> [TASK ITEM]: The answer must be an exact copy of the lines from the top of the listing below through the line with "Aksjebrev Aksjeselskapet Tou", with no pictures.

> [RAW DATA]:
%%
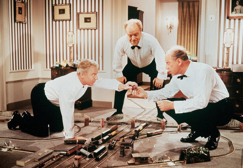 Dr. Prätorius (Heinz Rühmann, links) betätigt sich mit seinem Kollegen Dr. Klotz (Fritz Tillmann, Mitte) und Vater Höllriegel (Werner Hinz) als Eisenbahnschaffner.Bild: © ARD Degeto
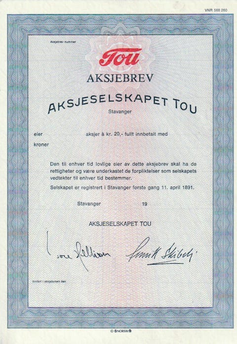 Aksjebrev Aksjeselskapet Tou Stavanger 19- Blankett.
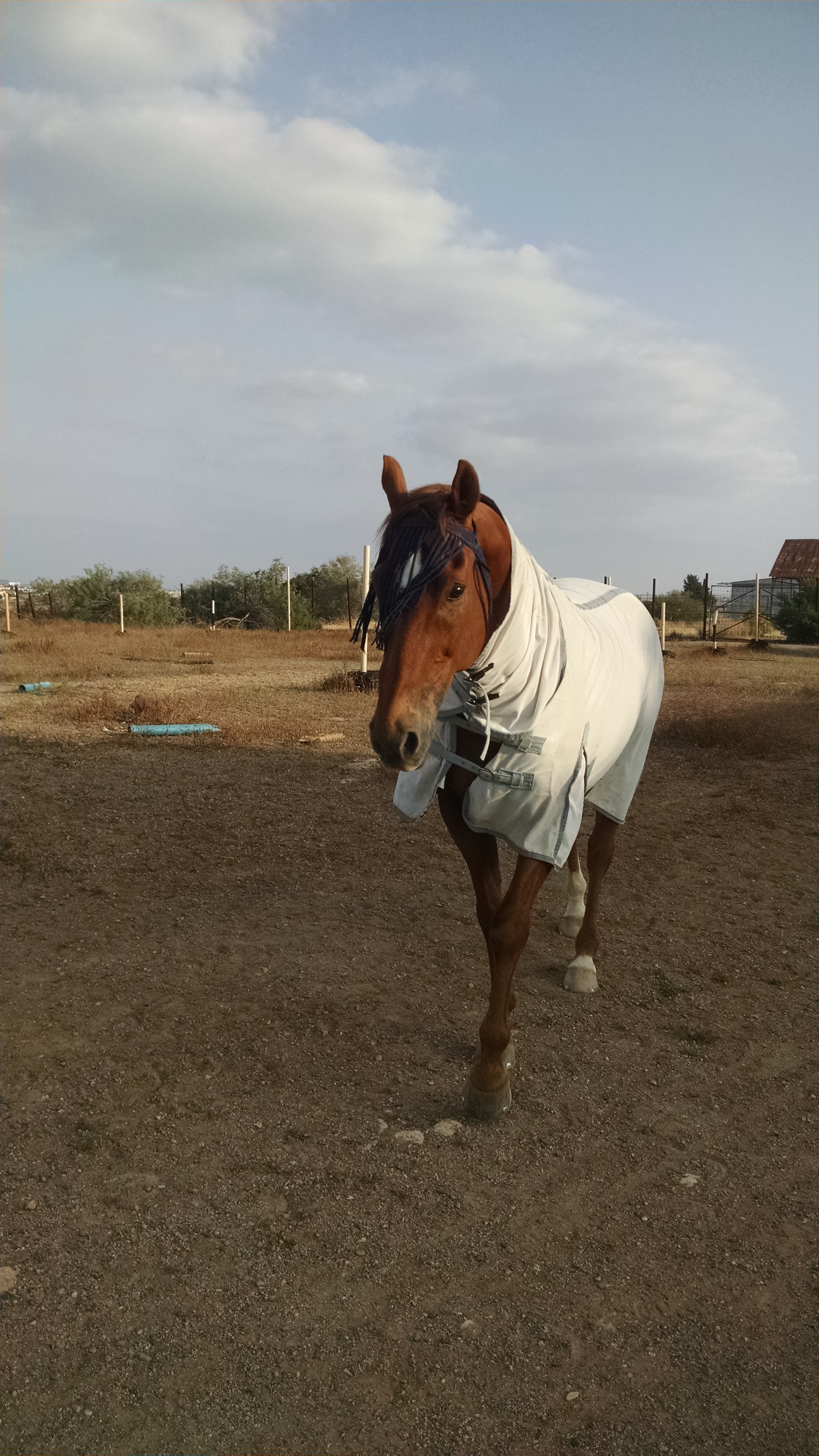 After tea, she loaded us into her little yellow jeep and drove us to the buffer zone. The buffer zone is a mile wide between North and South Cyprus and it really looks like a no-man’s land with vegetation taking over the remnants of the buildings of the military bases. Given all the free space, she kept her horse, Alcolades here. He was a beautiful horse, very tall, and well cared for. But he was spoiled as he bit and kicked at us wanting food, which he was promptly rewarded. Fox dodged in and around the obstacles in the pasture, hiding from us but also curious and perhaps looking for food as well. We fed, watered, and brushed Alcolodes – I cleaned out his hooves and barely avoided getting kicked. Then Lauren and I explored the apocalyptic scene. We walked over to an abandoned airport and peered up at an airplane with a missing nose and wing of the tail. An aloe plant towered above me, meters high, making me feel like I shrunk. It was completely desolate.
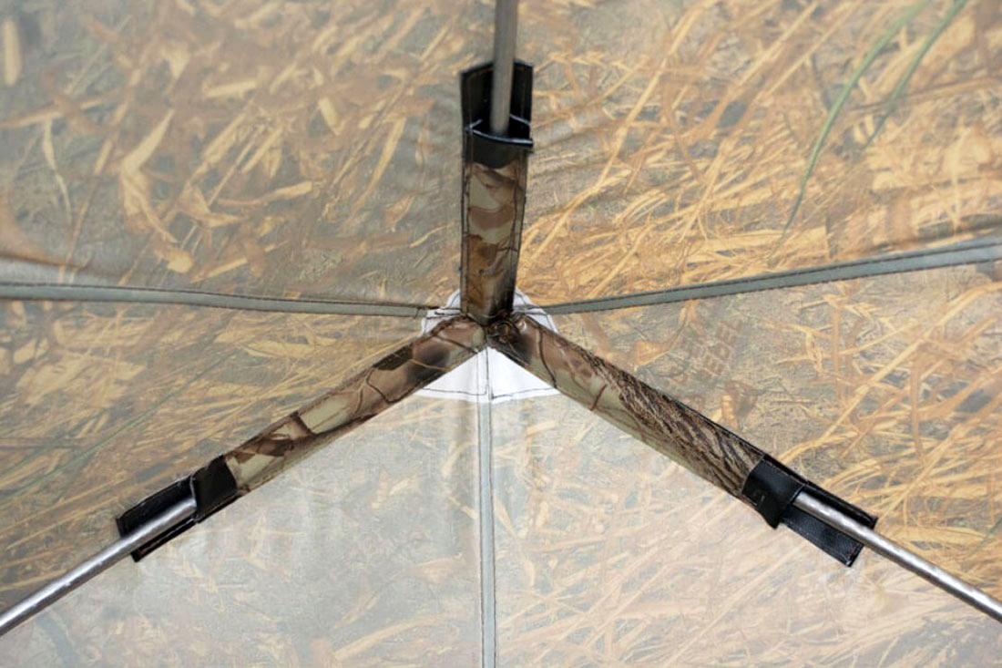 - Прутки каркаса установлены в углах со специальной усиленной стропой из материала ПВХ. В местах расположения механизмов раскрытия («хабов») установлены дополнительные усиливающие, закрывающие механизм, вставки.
%%
> [SOLUTION]:
 Dr. Prätorius (Heinz Rühmann, links) betätigt sich mit seinem Kollegen Dr. Klotz (Fritz Tillmann, Mitte) und Vater Höllriegel (Werner Hinz) als Eisenbahnschaffner.Bild: © ARD Degeto
 Aksjebrev Aksjeselskapet Tou Stavanger 19- Blankett.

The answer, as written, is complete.